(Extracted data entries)
------------------------------------------------------------------------
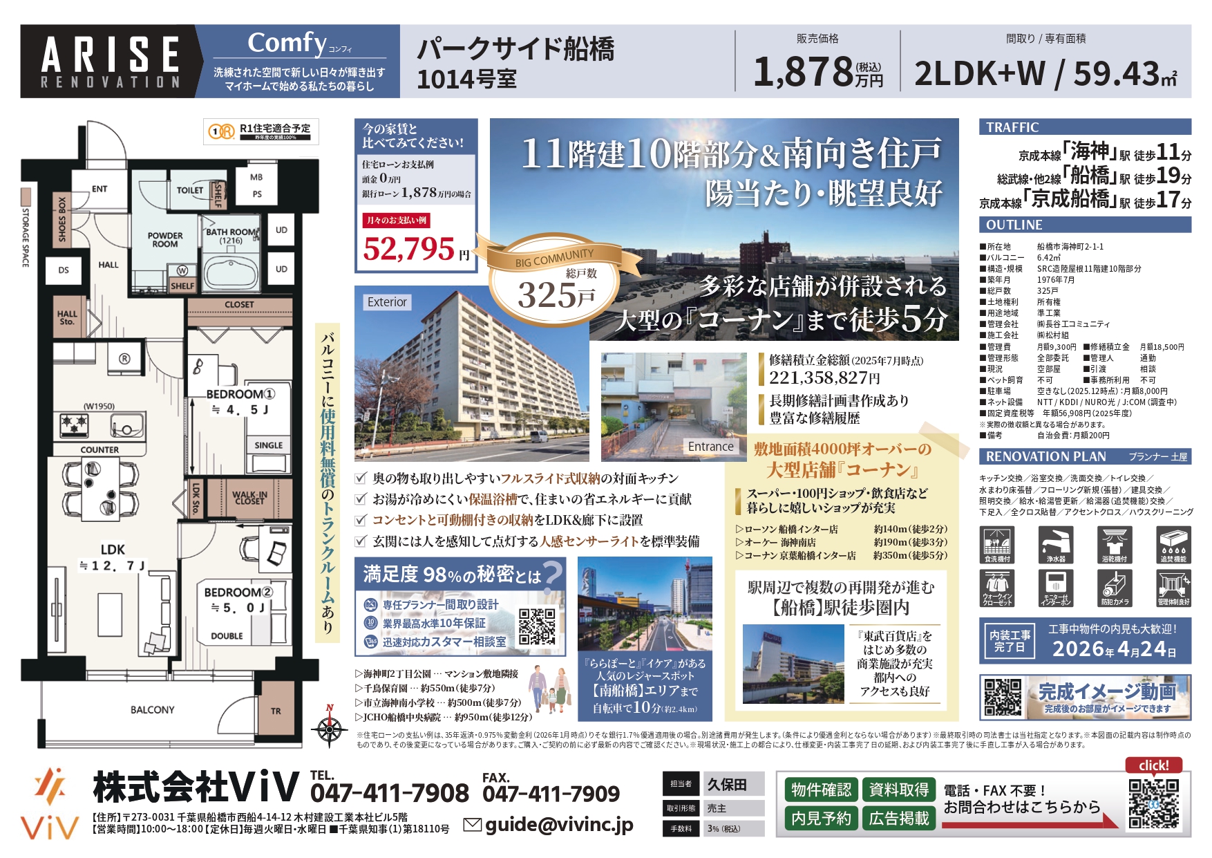 マンション パークサイド船橋1014号室 パークサイド船橋1014号室 1878万円 11階建10階部分&南向き住戸で陽当たり・眺望良好! バルコニーに使用料無償のトランクルームあり♪ 駅周辺で複数の再開発が進む【船橋】駅徒歩圏内 多彩な店舗が併設される大型の『コーナン』まで徒歩5分 『ららぽーと』『IKEA』がある人気のレジャースポット【南船橋】エリアまで自転車で10分(約2.4km) 修繕積立金総額:221,358,827円(2025年7月時点) 長期修繕計画書作成あり/豊富な修繕履歴
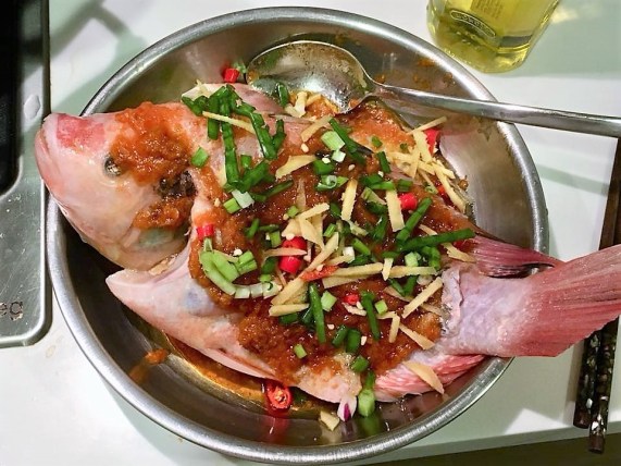 i forgot HC does not take scallions, but he enjoyed the fish all the same, w/o the scallions…
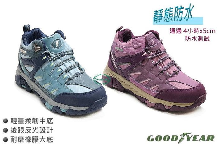 優寶購物《ubao.Tw》特貨品商城,黑貓宅配,取貨付款,零碼出清~固特異GOOD YEAR女款靜態防水系列戶外健行鞋 休閒鞋 工作鞋- 灰藍22516 -藕紫22517 | Yahoo拍賣
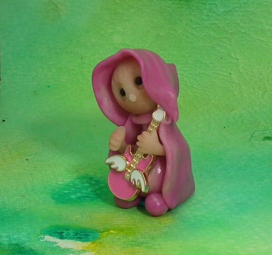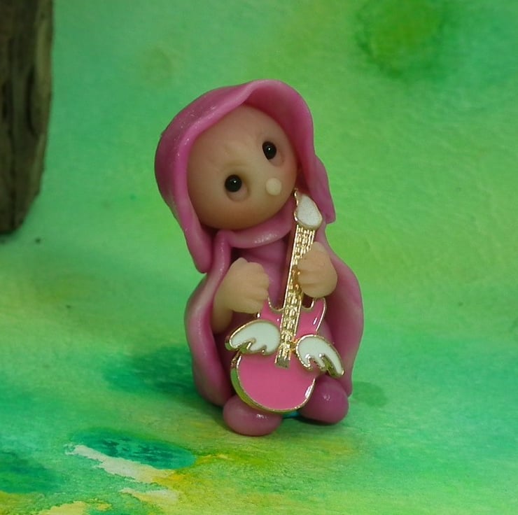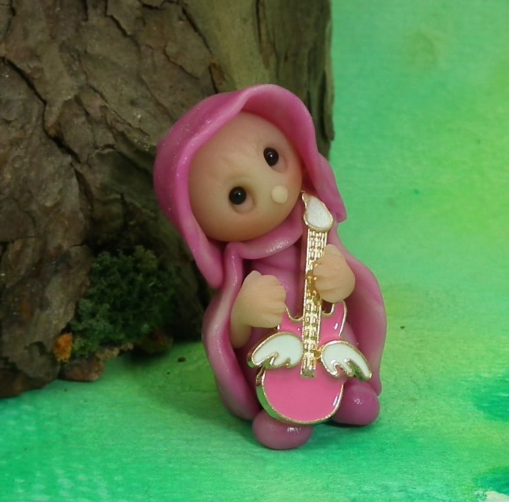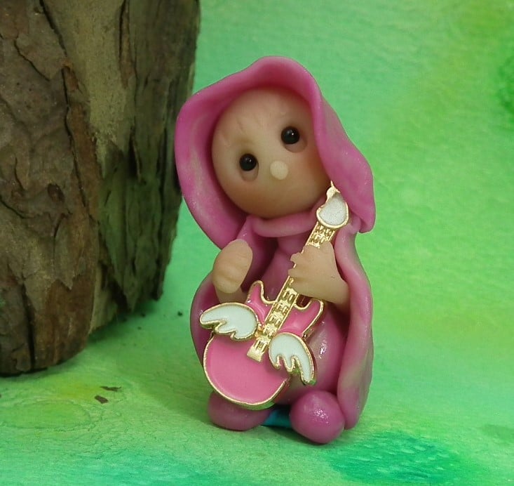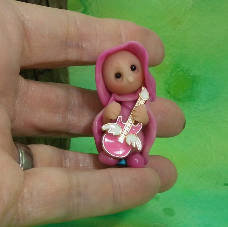 This is a 'one of a kind' creation having been entirely handmade without the use of moulds here at my studio on the Sussex Coast. Modelled with Prosculpt polymers, painted with heat set paints before sealing with lacquer, Monica has sparkling black onyx eyes and a pink metal guitar. She is just one and a half inches tall and has been instructed not to make any noise in transit ...
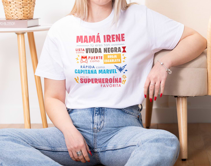 Convierte a tu madre en la superheroína que siempre ha sido con nuestra camiseta personalizada. Gracias a su original diseño, podrás expresarle todo lo que significa para ti. ¡Le encantará! Esta camiseta tan especial es una forma preciosa de agradecer a tu madre todo lo que hace por vosotros día tras día. No dejes pasar la oportunidad de sorprenderla este Día de la Madre. Y lo mejor de todo: ¡es personalizable! Podrás añadir el nombre que tú elijas, y nosotros nos encargamos de hacerlo realidad en esta prenda. Personalizar tu camiseta nunca fue tan fácil. Solo tienes que añadir el producto al carrito y entrar al área de personalización. Allí podrás escribir el nombre de la mejor madre del mundo, y en un abrir y cerrar de ojos, ¡tendrás el regalo perfecto! Sin duda, un regalo original para madres que hará que cualquiera se emocione. Material: - Algodón: 100% algodón. - Tacto algodón: 100% poliéster cotton touch. - Técnicas: 100% poliéster. Importante: Las medidas son aproximadas, pueden variar 5cm por encima o por debajo.
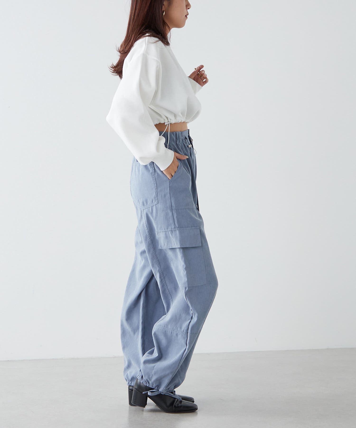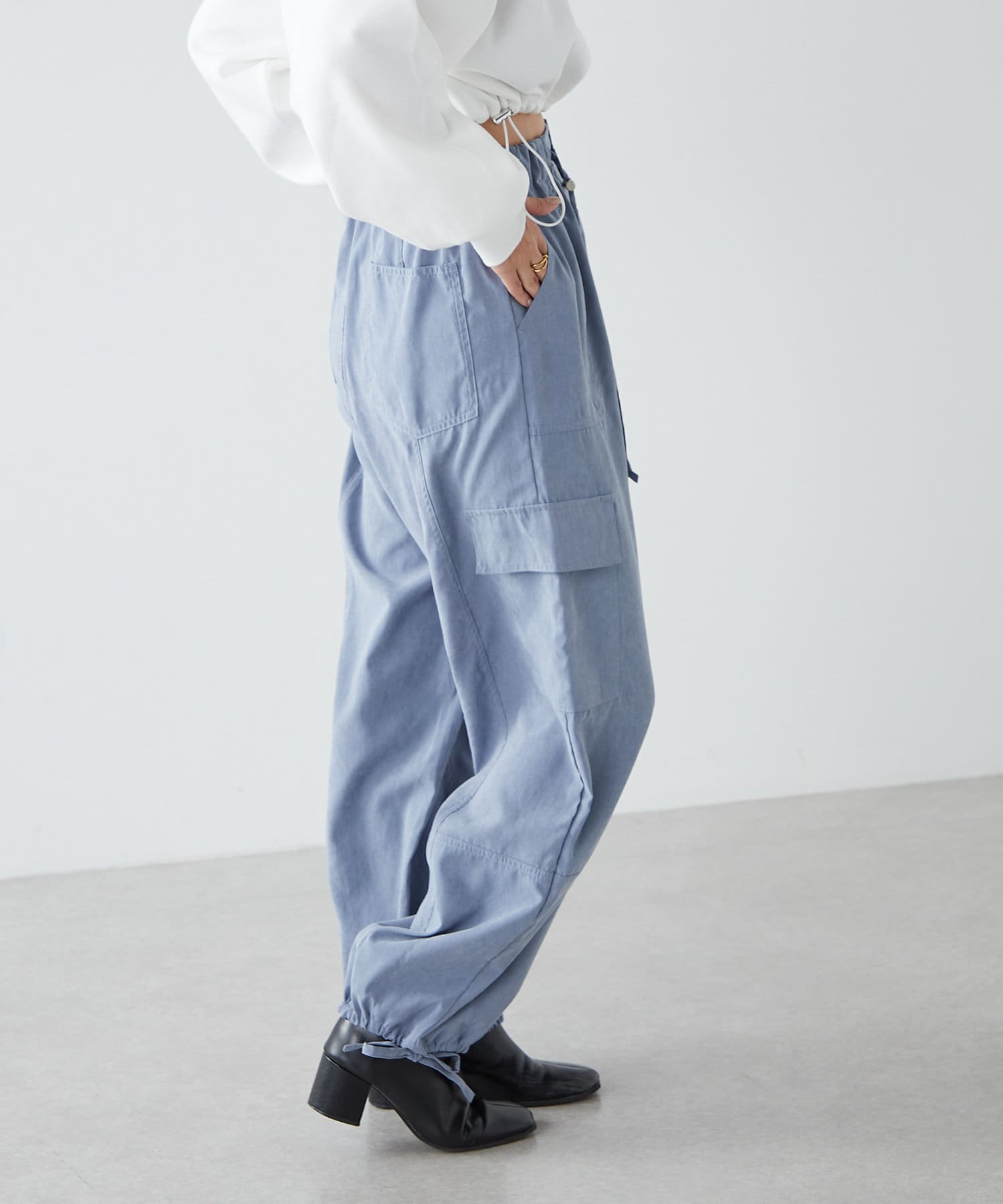 ・程よくルーズなセミワイドでセンタープレスのラインが美シルエットを叶えます。
------------------------------------------------------------------------
DIRECTIONS:
Apart from the pictures, repeat every entry exactly.

COMPLETED TASK:
 マンション パークサイド船橋1014号室 パークサイド船橋1014号室 1878万円 11階建10階部分&南向き住戸で陽当たり・眺望良好! バルコニーに使用料無償のトランクルームあり♪ 駅周辺で複数の再開発が進む【船橋】駅徒歩圏内 多彩な店舗が併設される大型の『コーナン』まで徒歩5分 『ららぽーと』『IKEA』がある人気のレジャースポット【南船橋】エリアまで自転車で10分(約2.4km) 修繕積立金総額:221,358,827円(2025年7月時点) 長期修繕計画書作成あり/豊富な修繕履歴
 i forgot HC does not take scallions, but he enjoyed the fish all the same, w/o the scallions…
 優寶購物《ubao.Tw》特貨品商城,黑貓宅配,取貨付款,零碼出清~固特異GOOD YEAR女款靜態防水系列戶外健行鞋 休閒鞋 工作鞋- 灰藍22516 -藕紫22517 | Yahoo拍賣
 This is a 'one of a kind' creation having been entirely handmade without the use of moulds here at my studio on the Sussex Coast. Modelled with Prosculpt polymers, painted with heat set paints before sealing with lacquer, Monica has sparkling black onyx eyes and a pink metal guitar. She is just one and a half inches tall and has been instructed not to make any noise in transit ...
 Convierte a tu madre en la superheroína que siempre ha sido con nuestra camiseta personalizada. Gracias a su original diseño, podrás expresarle todo lo que significa para ti. ¡Le encantará! Esta camiseta tan especial es una forma preciosa de agradecer a tu madre todo lo que hace por vosotros día tras día. No dejes pasar la oportunidad de sorprenderla este Día de la Madre. Y lo mejor de todo: ¡es personalizable! Podrás añadir el nombre que tú elijas, y nosotros nos encargamos de hacerlo realidad en esta prenda. Personalizar tu camiseta nunca fue tan fácil. Solo tienes que añadir el producto al carrito y entrar al área de personalización. Allí podrás escribir el nombre de la mejor madre del mundo, y en un abrir y cerrar de ojos, ¡tendrás el regalo perfecto! Sin duda, un regalo original para madres que hará que cualquiera se emocione. Material: - Algodón: 100% algodón. - Tacto algodón: 100% poliéster cotton touch. - Técnicas: 100% poliéster. Importante: Las medidas son aproximadas, pueden variar 5cm por encima o por debajo.
 ・程よくルーズなセミワイドでセンタープレスのラインが美シルエットを叶えます。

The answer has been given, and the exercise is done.